== REQUIREMENT ==
Please repeat exactly the lines from the one containing "図1 計算対象施設例 神商ホール" through the last line of the records below, both included, and leave out any pictures.

____ GIVEN RECORDS

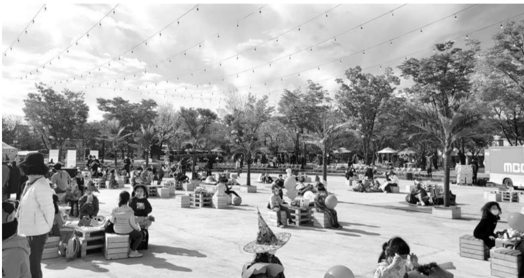
심청 축제를 개편한 어린이 대축제가 지난날 29~31일 섬진강기차마을에서 성황리에 개최됐다.

곡성군이 코로나19로 인해 지난해 개최하지 못한 심청 축제를 어린이 대축제로 개편해 올해 성공적으로 개최했다.
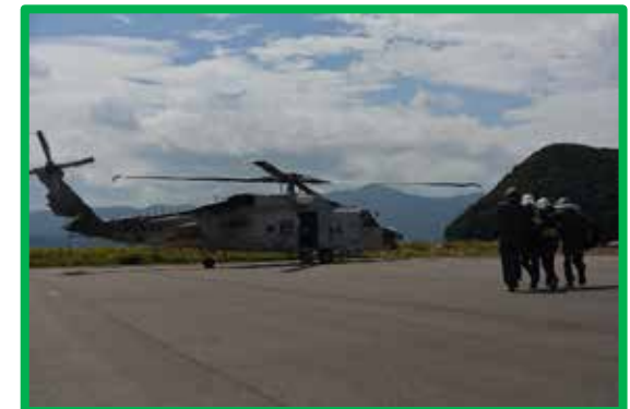
はまかせ交流センター(おおい町)から、海上自衛隊ヘリにより搬送される急病人
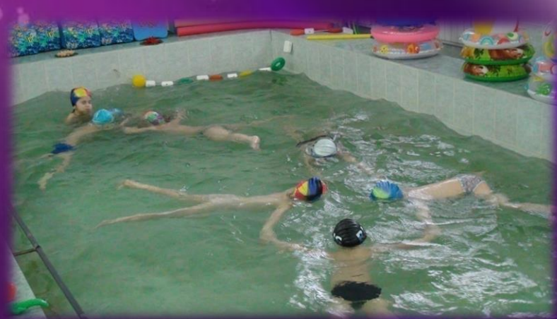
Игры на воде («Морская звезда»)
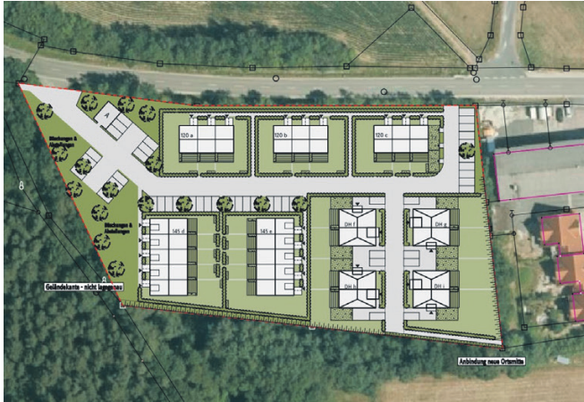
Übersichtsplan Projekt Langer Weg, Bammersdorf

Nach der überaus positiven Resonanz aus der Bürgerversammlung soll in der nächsten Sitzung des Marktgemeinderates das Projekt auf der Tagesordnung stehen. Zu behandeln ist zunächst die Änderung des Flächennutzungsplanes, in dem die als Mischgebiet ausgewiesene Fläche in ein Wohngebiet umgewandelt werden soll. Im zweiten Schritt wird das Bebauungsplanverfahren eingeleitet.
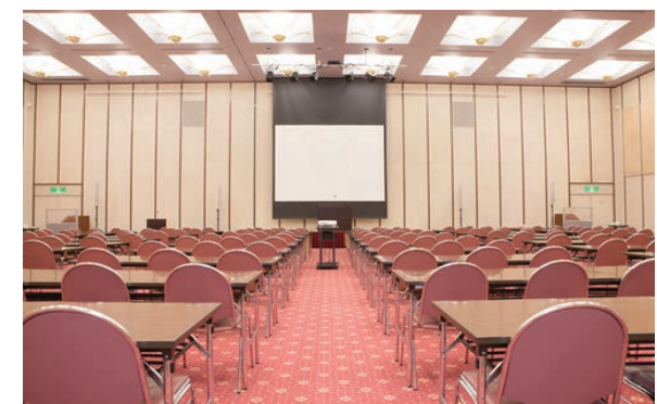
図1 計算対象施設例 神商ホール

そこで、神戸商工会議所は施設形状など建築設計分野および、建物内の気流や空気質分野の専門家、システムコンサルタントの方々の協力の下、大学の学生や解析企業などとプロジェクトチームを組んで令和2年5月より『KCCI神戸換気シミュレーション・プロジェクト』事業をスタートしました。
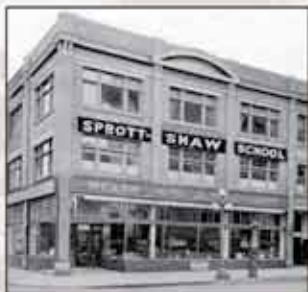
1903：加拿大博學商學院成立。
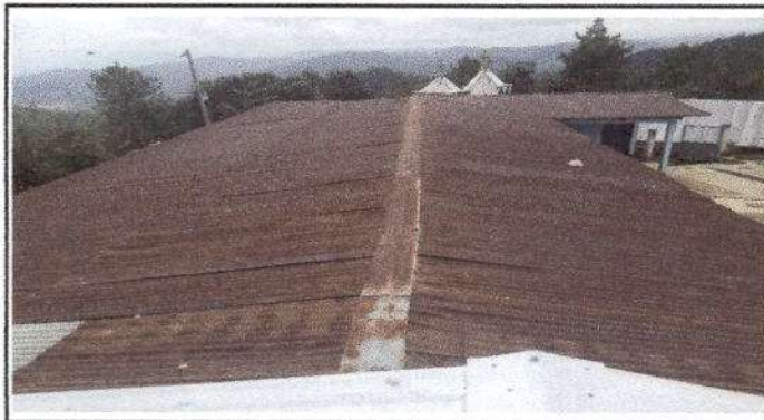
Foto1: Cambio de techo de 3 aulas, incluye 1 bodega y cocina de la escuela.

________

== TASK OUTPUT ==
図1 計算対象施設例 神商ホール

そこで、神戸商工会議所は施設形状など建築設計分野および、建物内の気流や空気質分野の専門家、システムコンサルタントの方々の協力の下、大学の学生や解析企業などとプロジェクトチームを組んで令和2年5月より『KCCI神戸換気シミュレーション・プロジェクト』事業をスタートしました。
1903：加拿大博學商學院成立。
Foto1: Cambio de techo de 3 aulas, incluye 1 bodega y cocina de la escuela.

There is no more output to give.